• _ACTIVITY_
In the records below, find the line containing "Σχολικό εγχειρίδιο Κοσμογραφίας" and the line containing "[충청뉴스큐] 광주광역시는 광주광역시교육청, 광주광역시의회, 북구, 북구의회와". Give again exactly those lines and every line between them, omitting the pictures.

*** Opening of RECORDS PROVIDED ***

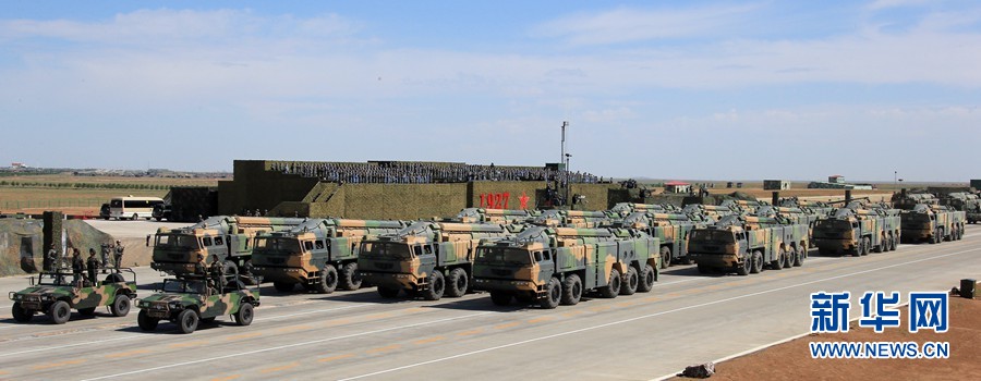 7月30日,慶祝中國人民解放軍建軍90周年閱兵在位于內(nèi)蒙古的朱日和訓(xùn)練基地舉行。中共中央總書記、國家主席、中央軍委主席習(xí)近平檢閱部隊(duì)并發(fā)表重要講話。這是常規(guī)導(dǎo)彈第1方隊(duì)。新華社記者 查春明 攝
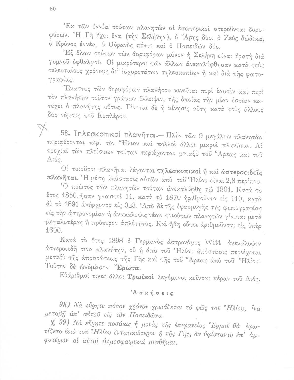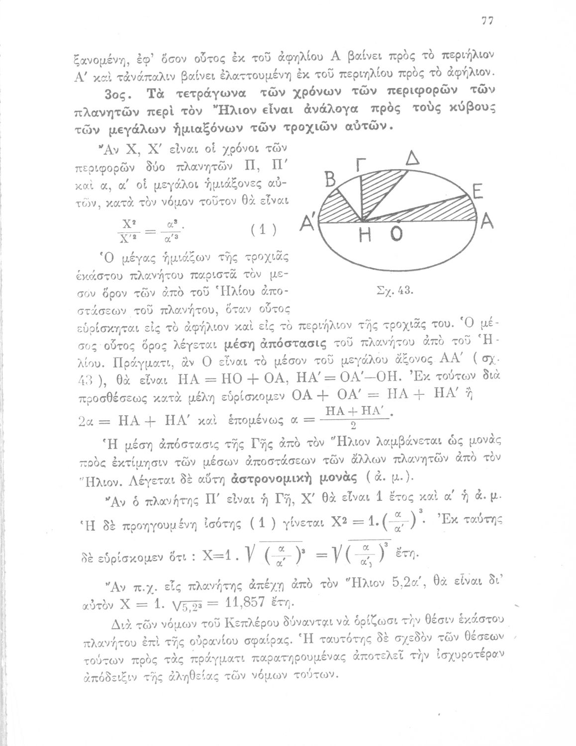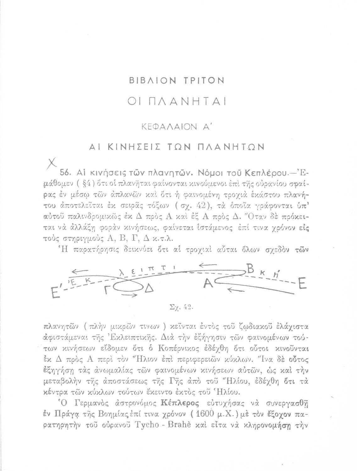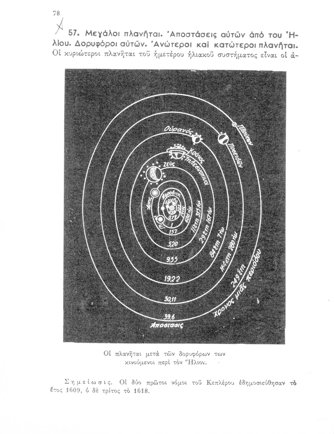 Σχολικό εγχειρίδιο Κοσμογραφίας που εστιάζει στην κίνηση των πλανητών και στον τρόπο υπολογισμού της τροχιάς τους.
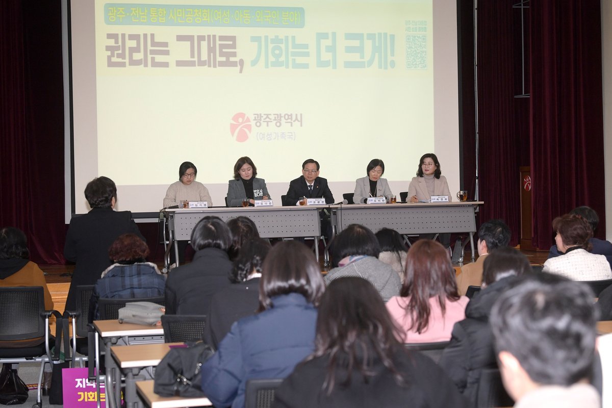 [충청뉴스큐] 광주광역시는 광주광역시교육청, 광주광역시의회, 북구, 북구의회와 함께 27일 오후 북구문화센터에서 북구 주민과 전문가, 관계기관 등이 참석한 가운데 ‘광주전남 통합 북구권역 시민공청회’를 개최했다.
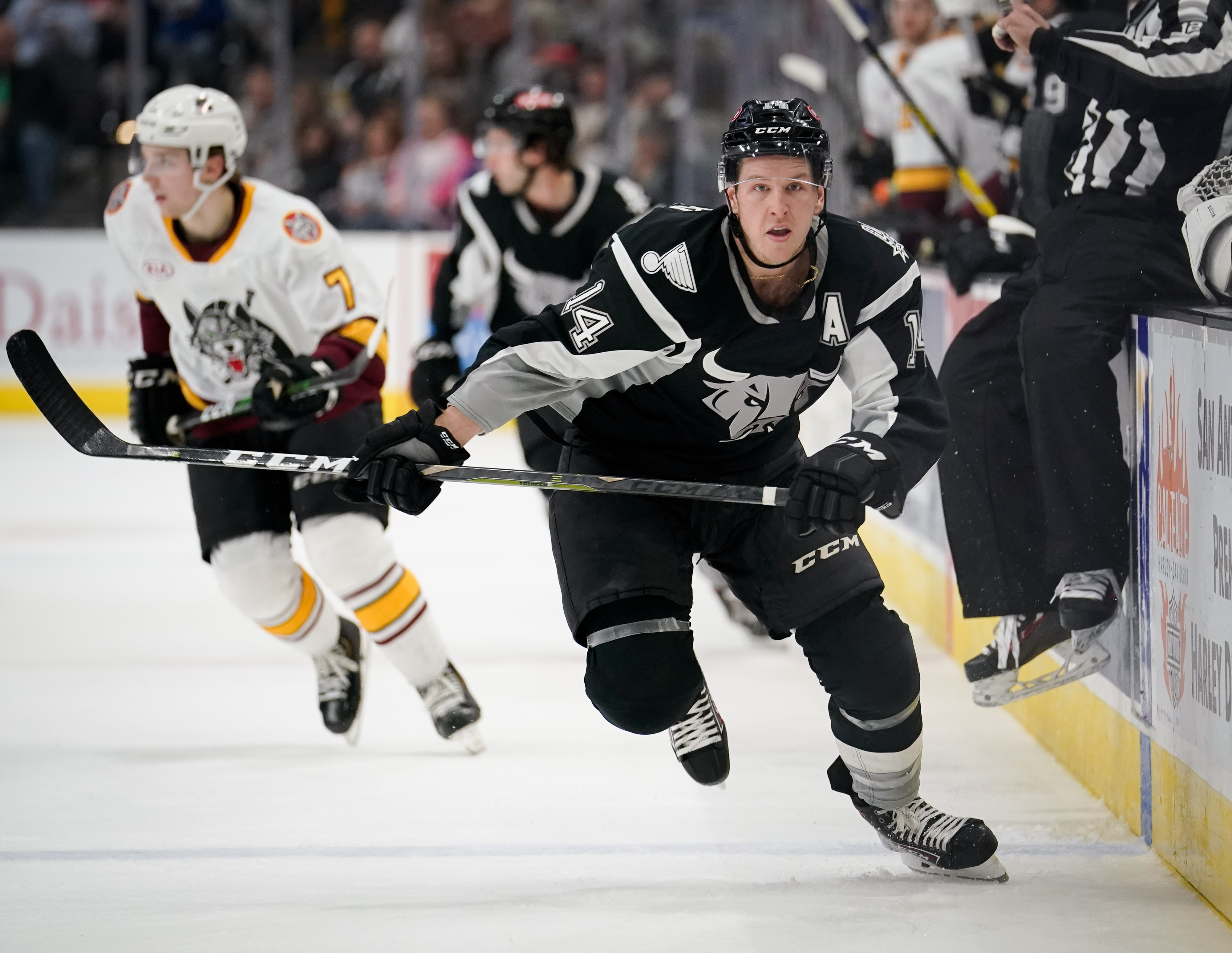 Pirri delivered his ninth goal of the year to give the Wolves a 4-1 lead at 9:38 of the second. Pirri tried to fire on Husso from close range, but his stick snapped. He sprinted to the bench, received a new stick from Wolves equipment manager Ryan Shoufer, rushed back to the high slot and accepted a Brown pass that he hammered home.
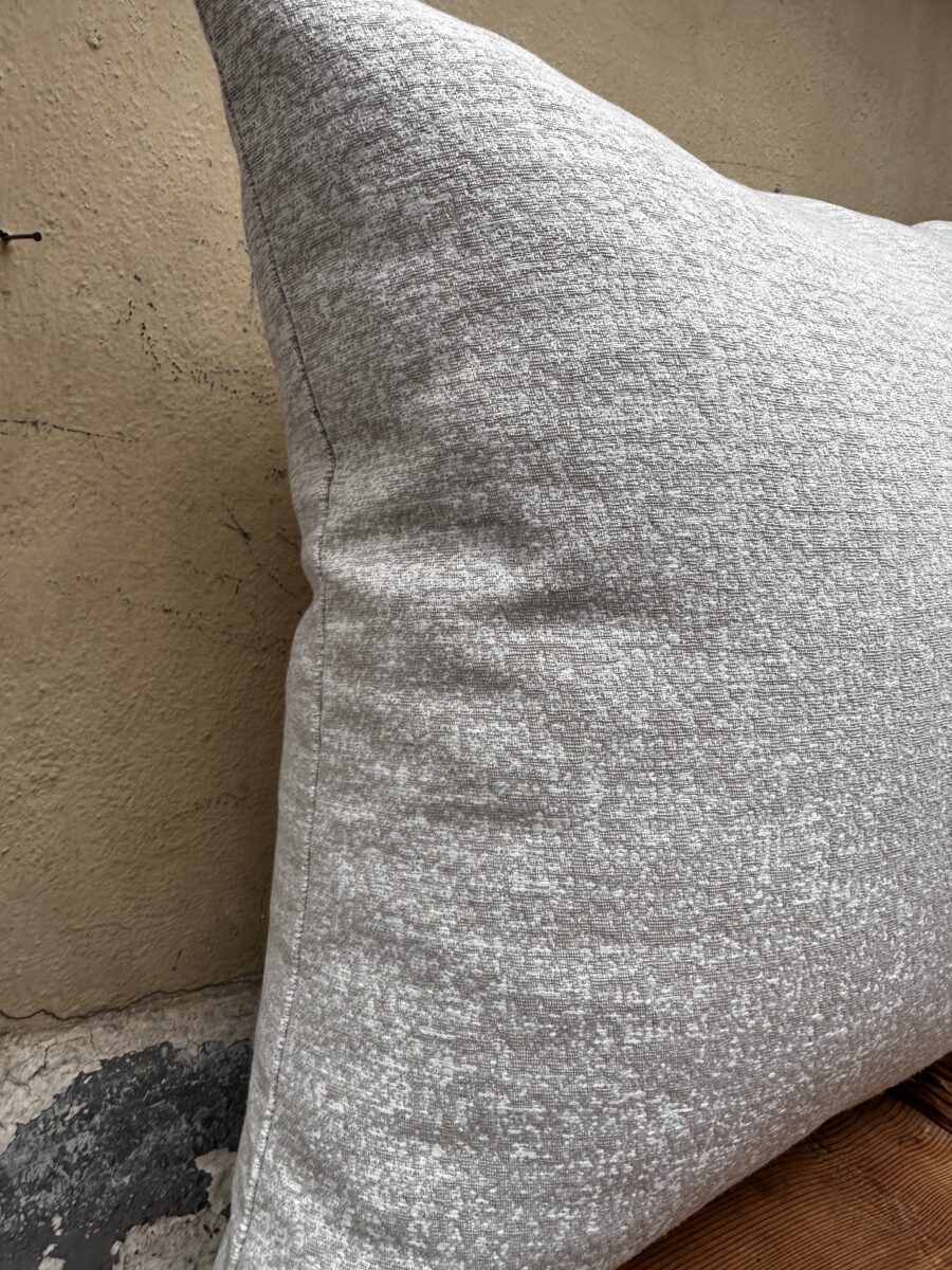 Il tessuto Marmorizzato è robusto perfetto per cuscini decorativi su divani, letti e poltrone. Il filato è composto da fibre di colori diversi, sui toni naturali écru e tortora, che donano a questo tessuto uno splendido effetto mélange. Il risultato non è una piatta tinta unita ma un colore che si inserisce in qualunque contesto, richiamando vari toni cromatici.
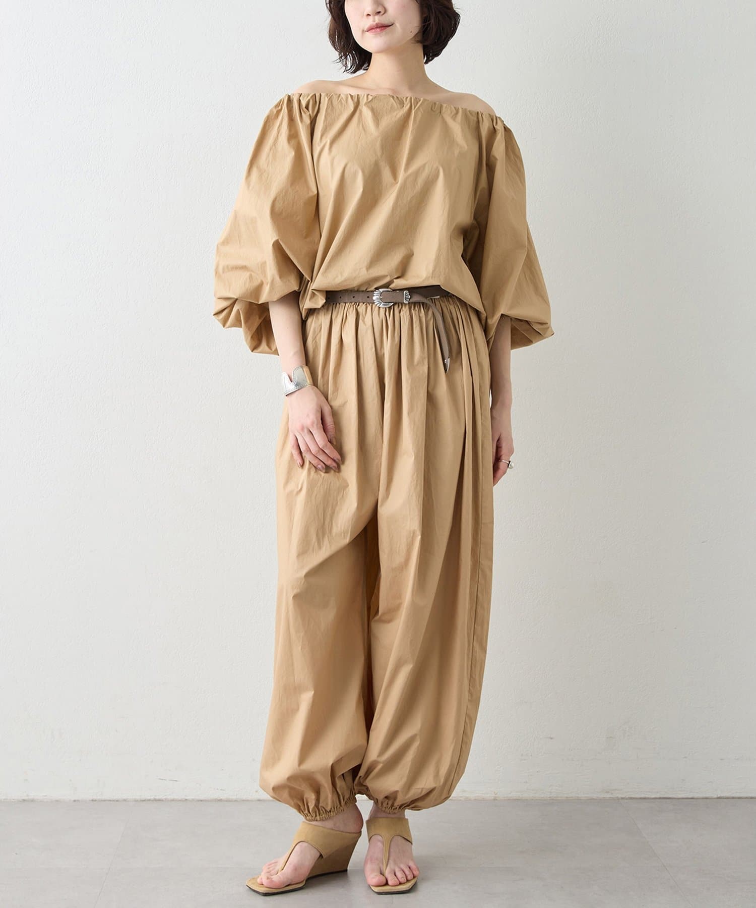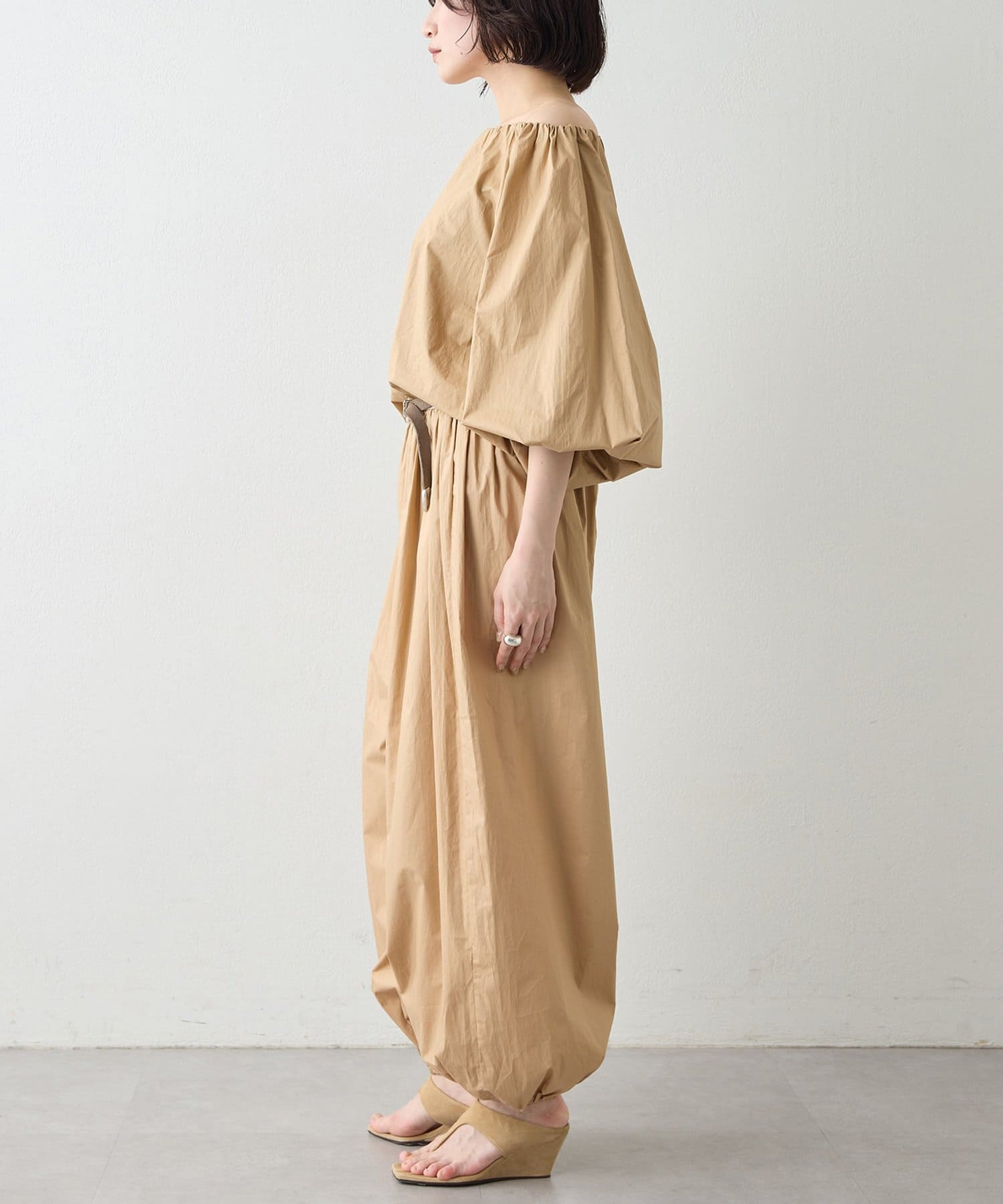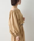 ■デコルテを美しく見せるオフショルダーデザインと、ボリュームを持たせたスリーブが女性らしい抜け感を演出。

*** Close of RECORDS PROVIDED ***

• _EXERCISE OUTPUT_
 Σχολικό εγχειρίδιο Κοσμογραφίας που εστιάζει στην κίνηση των πλανητών και στον τρόπο υπολογισμού της τροχιάς τους.
 [충청뉴스큐] 광주광역시는 광주광역시교육청, 광주광역시의회, 북구, 북구의회와 함께 27일 오후 북구문화센터에서 북구 주민과 전문가, 관계기관 등이 참석한 가운데 ‘광주전남 통합 북구권역 시민공청회’를 개최했다.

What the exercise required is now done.